How should people educate themselves on current industry issues?
I think to some extent it is important to stay connected within the music industry, to find a network or publication that you trust and enjoy. But remember that in this industry there are no rules, and you don’t have to stick to a predetermined pathway to navigate success. Although this theory is becoming more diluted every day, I still believe that if you practice, work hard, have true talent, and produce something good, that success will find you, so focus on that which you can control.
For more networking tips, check out our article – 6 Genuine Tips to Network Like a Professional… Friend!
How have you integrated modern technology into your content process?

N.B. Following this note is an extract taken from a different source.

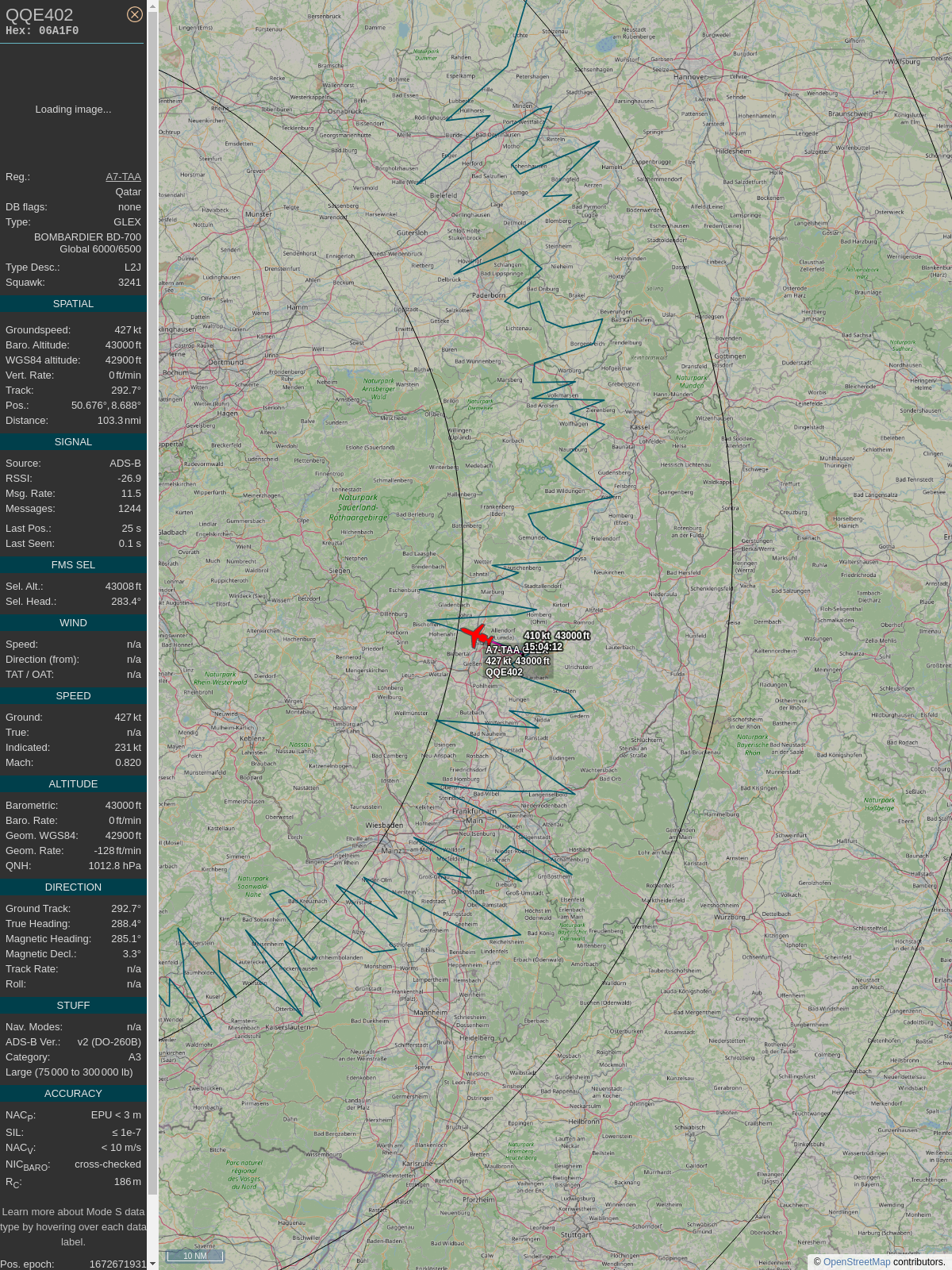 #PlaneAlert ICAO: #06A1F0 Tail: #A7TAA Flt: #QQE407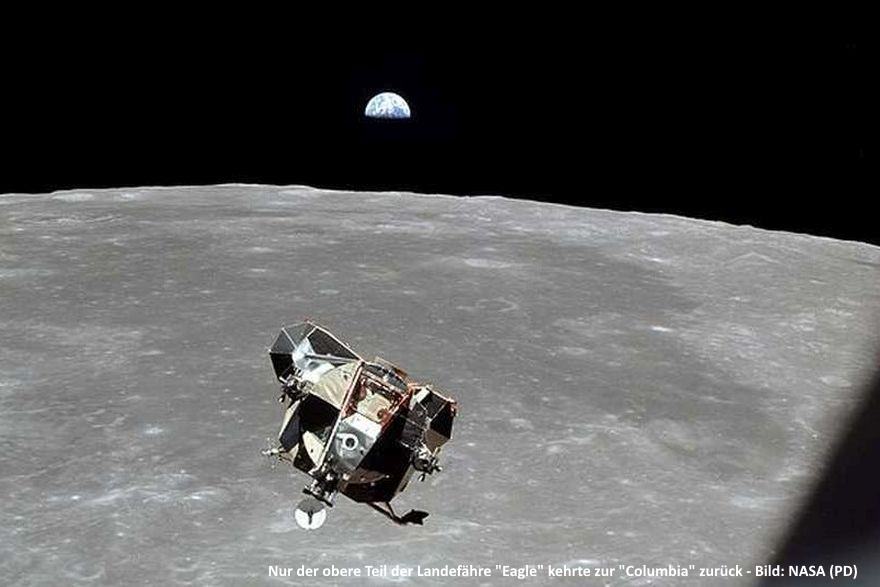 Anschließend begann ein weiterer, ungemein spannender Teil des Fluges: Die Rückkehr zur "Columbia". Der untere Teil der Landefähre blieb auf dem Mond zurück. Sie diente als Plattform für den Start. Das Triebwerk wurde gezündet.

Kingswood is not good at social media, and I think we are settled in the fact that we will never be. It is not in our nature to want to share our
lives with people and although we know in this modern world it is a requirement to be excellent and diligent, we would rather spend time making music. That being said we admire those who can use this stuff to their advantage. We do film a lot, make documentaries and put out pieces from time to time, using premier pro mostly, I think the quality that is accessible with a reasonable camera and a gimble allows content to be produced at a fairly high level. We do utilise live streaming to have a chat with fans or play a few bedroom songs, so that has been handy during this time.